Distributed Contextual Linear Bandits with Minimax Optimal Communication Cost
This work addresses communication efficiency in distributed bandit learning for multi-agent systems, providing near-optimal algorithms that are incremental improvements over existing methods.
The paper tackles the problem of distributed contextual linear bandits with stochastic contexts, deriving an information-theoretic lower bound of Ω(dN) on communication cost and proposing algorithms (DisBE-LUCB and DecBE-LUCB) that achieve near-minimax optimal regret of Õ(√(dNT)) and communication cost matching the lower bound up to logarithmic factors.

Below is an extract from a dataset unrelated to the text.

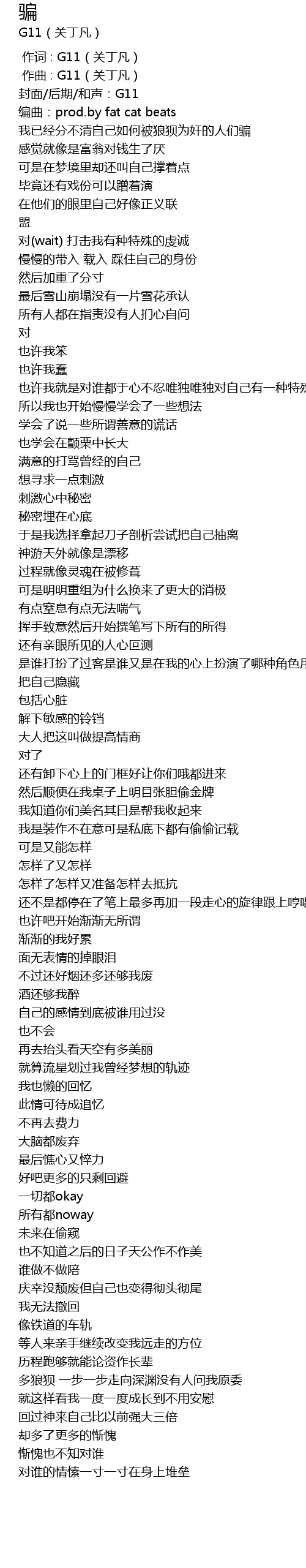 | [00:08.756] | biān qǔ: prod. by fat cat beats |

We study distributed contextual linear bandits with stochastic contexts, where $N$ agents act cooperatively to solve a linear bandit-optimization problem with $d$-dimensional features over the course of $T$ rounds. For this problem, we derive the first ever information-theoretic lower bound $Ω(dN)$ on the communication cost of any algorithm that performs optimally in a regret minimization setup. We then propose a distributed batch elimination version of the LinUCB algorithm, DisBE-LUCB, where the agents share information among each other through a central server. We prove that the communication cost of DisBE-LUCB matches our lower bound up to logarithmic factors. In particular, for scenarios with known context distribution, the communication cost of DisBE-LUCB is only $\tilde{\mathcal{O}}(dN)$ and its regret is ${\tilde{\mathcal{O}}}(\sqrt{dNT})$, which is of the same order as that incurred by an optimal single-agent algorithm for $NT$ rounds. We also provide similar bounds for practical settings where the context distribution can only be estimated. Therefore, our proposed algorithm is nearly minimax optimal in terms of \emph{both regret and communication cost}. Finally, we propose DecBE-LUCB, a fully decentralized version of DisBE-LUCB, which operates without a central server, where agents share information with their \emph{immediate neighbors} through a carefully designed consensus procedure.